Globally, and in India, there is a huge unmet need for approved drugs specifically for NASH. While lifestyle changes (diet and exercise) remain the cornerstone of management, pharmacological interventions are crucial for many patients, especially those with advanced fibrosis.

Indian Innovation: India has been proactive in this space. In March 2020, India became the first country to approve Saroglitazar Mg (Lipaglyn), a dual peroxisome proliferator-activated receptor α/γ agonist, for NASH. Zydus Cadila, the developer, has reported positive results from clinical trials for Saroglitazar Magnesium in NAFLD and NASH patients.
Global Pipeline Activity: Many global pharmaceutical companies are engaged in a fierce race to develop the first globally approved drug for NASH. Companies like Madrigal Pharmaceuticals recently received FDA approval for Resmetirom (Rezdiffra) in the US, marking a significant milestone.

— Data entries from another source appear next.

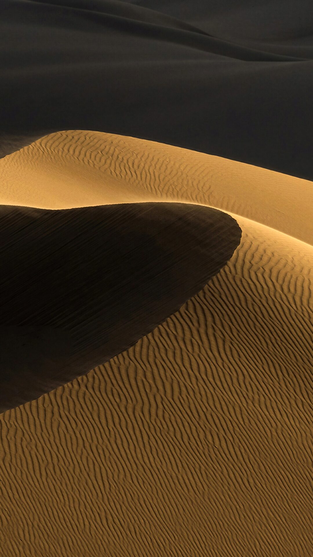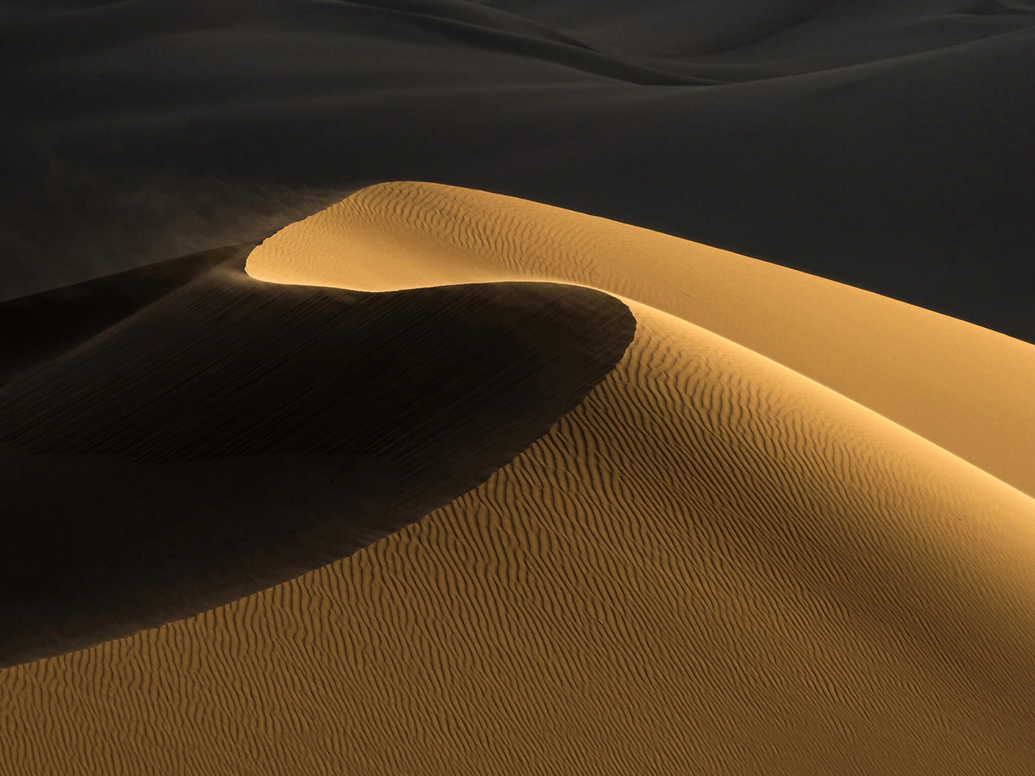 Golden hour light catches the curved ridges of sand dunes, creating warm honey and amber tones against deep charcoal shadows. The rippled te
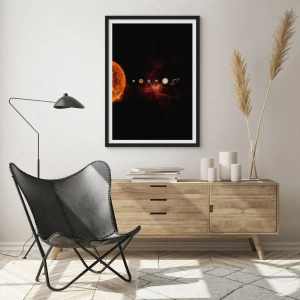 Plakát v černém rámu - Sluneční soustava s planetami na pozadí vesmíru - 50x70cm - Naše čtvrť - Moderní nástěnná dekorace do obývacího pokoje a ložnice ARTTOR
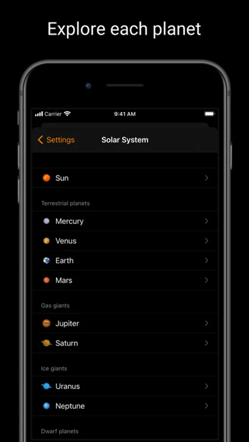 Apple Watch Complications, Overview of the planets, Option to show Pluto, Sharing your favorite moment of the Solar System, URL Scheme, and more.
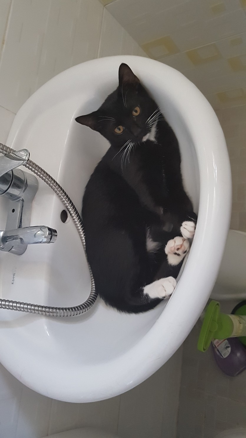 둘째 초코는 검은색 냥이입니다. 수컷이고 시크하면서도 장난기 있는 츤데레 입니다. 특히 턱과 배 네발이 하얀데, 양말 신은것처럼 귀여운게 매력입니다. 물에 호기심이 많아서 세면대에서 종종 휴식을 취하네요. 꼬리 끝부분이 "ㄱ"자로 꺾인게 특징입니다.

Indian companies like Morepen Laboratories have secured regulatory clearance from CDSCO to conduct bioequivalence studies for Resmetirom tablets, signaling their early entry into this rapidly expanding therapeutic area.
Promising Drug Classes: The pipeline includes various drug classes targeting different aspects of NASH pathophysiology, such as FGF21 analogues (e.g., Efruxifermin), FXR agonists (e.g., Obeticholic Acid, though its approval in the US for NASH has been complex), GLP-1 receptor agonists (like Semaglutide), and others that aim to reduce inflammation, fibrosis, and metabolic dysfunction.

Challenges in Clinical Trials and Adoption

Despite the advancements, several challenges remain in India:

Under-recognition and Late Diagnosis: Many non-cirrhotic NASH patients are asymptomatic, and there are no established nationwide screening guidelines, leading to diagnoses often being incidental findings.
Patient Recruitment: Clinical trials for NASH in India face challenges related to patient recruitment and retention, partly due to the asymptomatic nature of the disease and reluctance for invasive biopsies.
Regulatory Consistency: While India has approved Saroglitazar Mg, harmonizing regulatory pathways with global standards for new NASH therapies is crucial for international collaboration and faster patient access.
Cost and Access: Once approved, the cost of novel NASH therapies could be a barrier to widespread adoption in a diverse market like India.

As awareness grows and the prevalence of NASH continues its upward trend, India's focus on both indigenous drug development and the adoption of cutting-edge non-invasive diagnostics will be vital in addressing this significant public health challenge and improving liver health outcomes across the nation.